Only the lines from the first line of the entries through the line with "찰스 게이어(Charles Geyer)" belong in the answer, each restated word for word and without pictures.

(Stored data entries)
=== Begin Enclosure ===

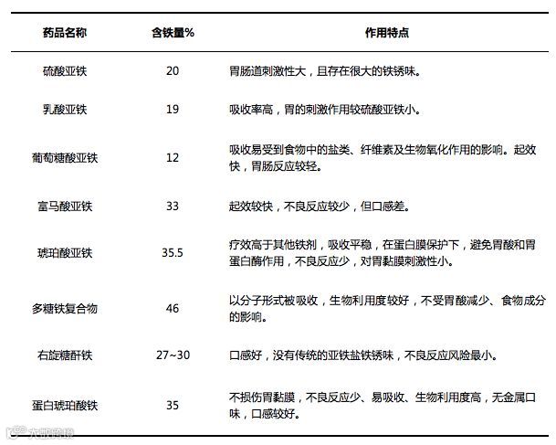 口服铁剂品种众多,临床常用的口服铁剂为以下八种,每种含铁量和作用特点均不同,如下:
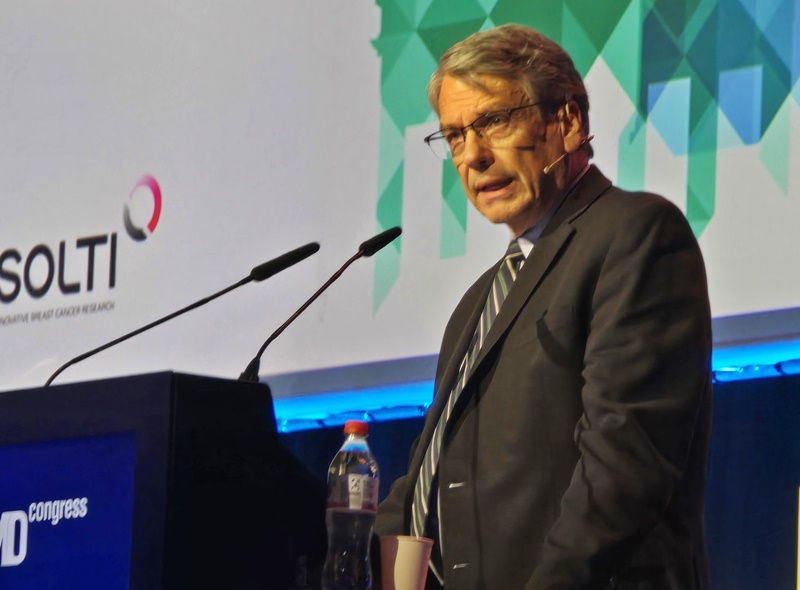 찰스 게이어(Charles Geyer) 미국 피츠버그의대 교수가 엔허투 DESTINY-Breast05 임상 결과를 ESMO 2025에서 발표하고 있다.
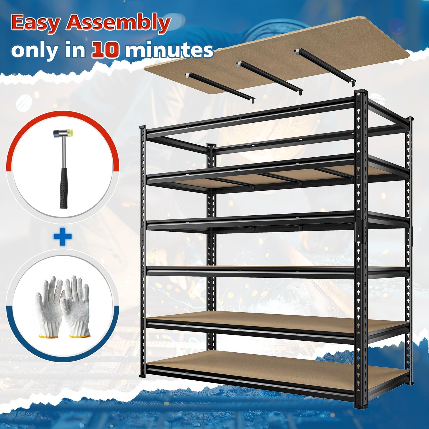 - 【Easy Assembly in 10 Minutes】 Within 10 minutes, this storage shelves heavy duty allows for quick assembly with its unique interlocking design. To ensure a smooth process, a hammer, a pair of gloves, and detailed specifications are provided
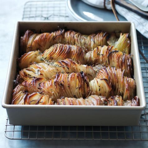 Roast until the top edges of the potatoes are crispy, about 1 hour. Let stand for 10 minutes before serving. Serves 6 to 8.
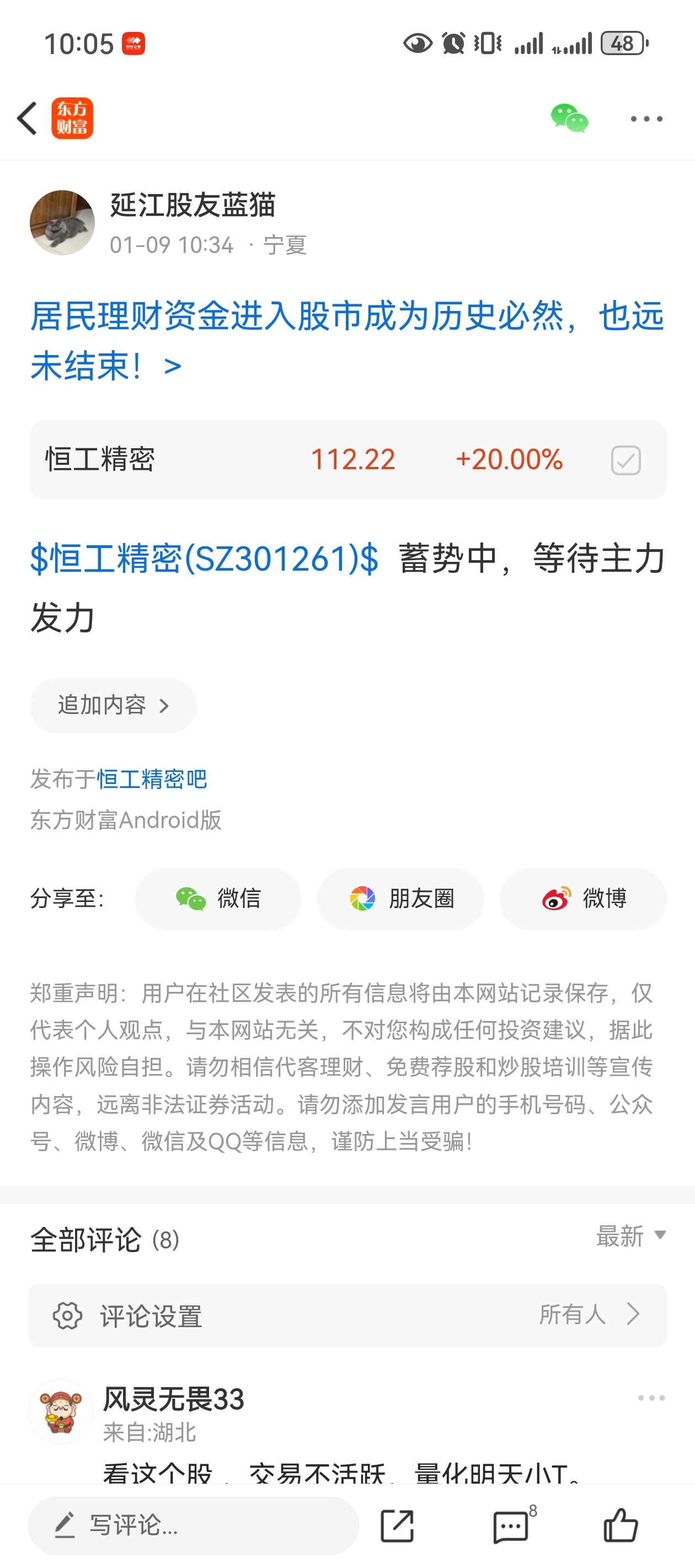 温馨提示: 1.根据《证券法》规定,禁止编造、传播虚假信息或者误导性信息,扰乱证券市场;2.用户在本社区发表的所有资料、言论等仅代表个人观点,与本网站立场无关,不对您构成任何投资建议。用户应基于自己的独立判断,自行决定证券投资并承担相应风险。《东方财富社区管理规定》

=== End Enclosure ===

ANSWER TO THIS EXERCISE:
 口服铁剂品种众多,临床常用的口服铁剂为以下八种,每种含铁量和作用特点均不同,如下:
 찰스 게이어(Charles Geyer) 미국 피츠버그의대 교수가 엔허투 DESTINY-Breast05 임상 결과를 ESMO 2025에서 발표하고 있다.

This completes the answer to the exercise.